The second form creates the initial (dummy) SDT info file for the kernel
linking process, mainly to ensure that its size is known.  The third
form then creates the true SDT info file for the kernel, based on the
kernel object file and the first stage linked kernel image.

The fourth and final form generates SDT info for a kernel module, based
on its initial linked object.

This commit also enables the test probes in the dt_test module.

Orabug: 17851716

Reviewed-by: Jamie Iles <jamie.iles@oracle.com>
Signed-off-by: Kris Van Hees <kris.van.hees@oracle.com>
Conflicts:
Makefile
scripts/Makefile.build

dtrace: remove functionality of dtrace_os_exit() as deprecated

This function is in its current form no longer called from anywhere, but since
it is exported someone could (maliciously) still call it and cause a mess. We
therefore issue a warning and do not do anything else. This will be removed in
a future version.

Orabug: 17717401

Signed-off-by: Kris Van Hees <kris.van.hees@oracle.com>
Acked-by: Dave Kleikamp <dave.kleikamp@oracle.com>

dtrace: fix mutex_owned() implementation

The mutex_owned() function was not accounting for the possibility that a lock
might have an owner registered while unlocked.

Orabug: 17624236

Signed-off-by: Kris Van Hees <kris.van.hees@oracle.com>
Acked-by: Dave Kleikamp <dave.kleikamp@oracle.com>

dtrace: new cyclic implementation

The original cyclic implementation (based on hrtimer_*()) failed
because it caused handlers to be called from interrupt context, which
causes quite some interesting (bad) side effects.

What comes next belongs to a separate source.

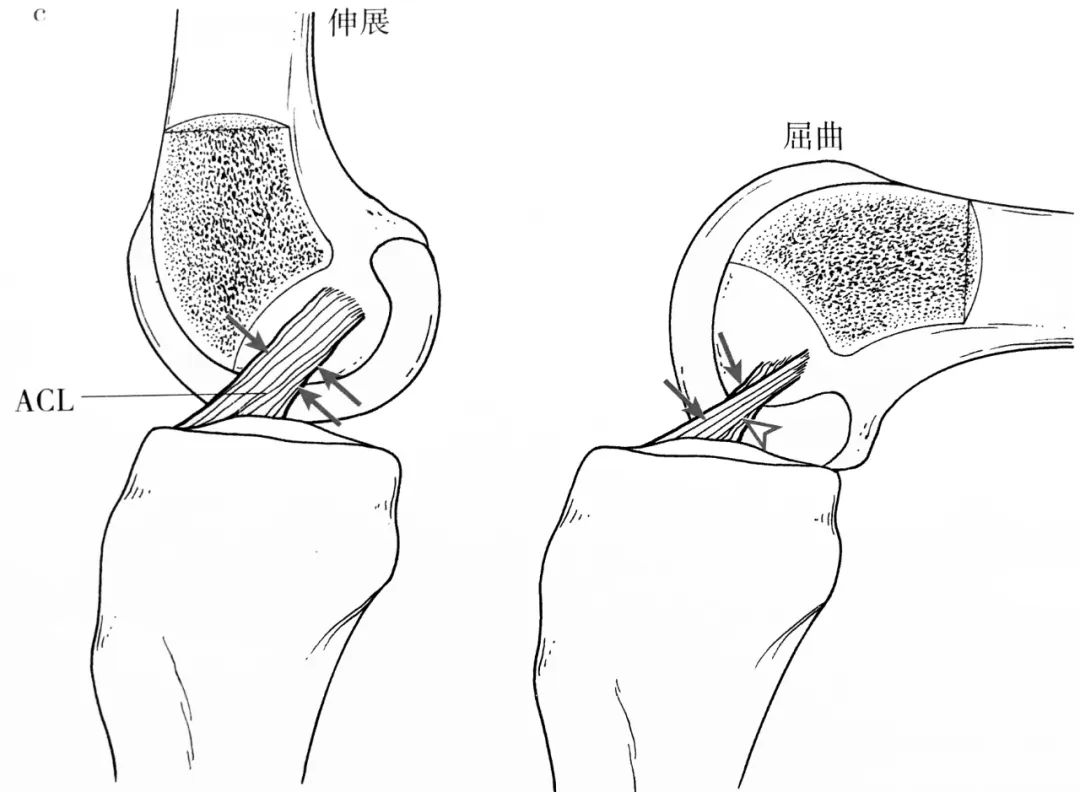 膝关节伸展、屈曲运动时,ACL的运动(箭头所示为紧张部位,空箭头所示为松弛部位)。ACL无论形态还是功能,均能够区分出前内侧与后外侧的纤维束。前内侧束除了最终伸展位外,其屈曲位下显示一定程度的紧张度增加;后外侧束在伸展位时,紧张度增加。前内侧纤维束的功能比较重要。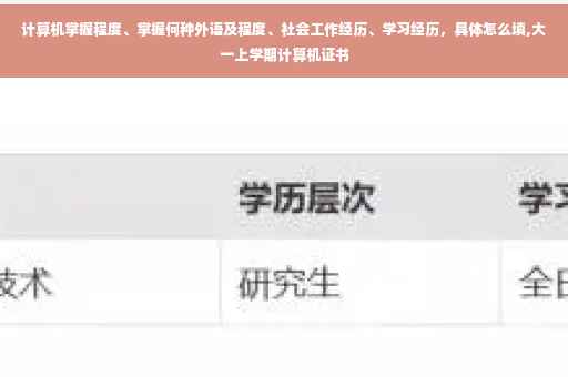 按照实际情况填写:1、计算机掌握程度:(是否考证)高级办公自动化,计算机二级证书,是否熟练掌握办公室软件(word文档,microsoft文档),还有最基本的打字速度,或者掌握其他的电脑技术,如3D动画,flesh等;2、外语及程度:英语(四六级,专业四级专业八级)、日语(初级,中级或一级二级,三级,四级)、俄语、德语等;3、社会工作经历:在何处实习或工作过;4、学习经历:最近5到8年学校学习内容,培训机构的学习等(包括出国留学等皆可)。

The change to tasklet_hrtimer_*() as underlying implementation solved
the context issues for handlers, but resulted in runaway timers that
could call handlers in modules that are no longer loaded, causing a
crash. Cause was related to a race between timer cancellation and the
tasklet restarting the timer.

The new implementation is a two layer approach where hrtimer_*() is
used to generate handler invocations requests, scheduling a tasklet for
handler call processing as needed, and using a counter to determine how
many times the handler needs to be called (if the timer fires more than
once between two subsequent tasklet processing schedulings). The
tasklet (one per cyclic - only scheduled when there has been one or
moretimer expirations) takes care of calling the handler.

More details are embedded in comments in the code...

Orabug: 17553446

Signed-off-by: Kris Van Hees <kris.van.hees@oracle.com>
Acked-by: Chuck Anderson <chuck.anderson@oracle.com>

dtrace: Use tasklet_hrtimer_*() instead of hrtimer_*() for cyclics

Orabug: 17553446

Signed-off-by: Kris Van Hees <kris.van.hees@oracle.com>
Signed-off-by: Konrad Rzeszutek Wilk <konrad.wilk@oracle.com>

dtrace: fix for psinfo allocation during execve

Allocate the psinfo structure from a slab (alike other structures related to
the task_struct), and use kmalloc() for the argv and envp members (with size
limit to avoid allocation issues).

Orabug: 17407069
Signed-off-by: Kris Van Hees <kris.van.hees@oracle.com>

kbuild/ctf: Use shell expansion, not $(wildcard ...), for CTF section copying.

The stub module kernel/ctf/ctf.ko must contain sections for all CTF for the core
kernel, CTF shared between modules and CTF for every built-in module.  This set
can vary as the kernel configuration changes: it is computed by dwarf2ctf from
objects.builtin, modules.builtin, and analysis of the debugging information in
the object files comprising the kernel build.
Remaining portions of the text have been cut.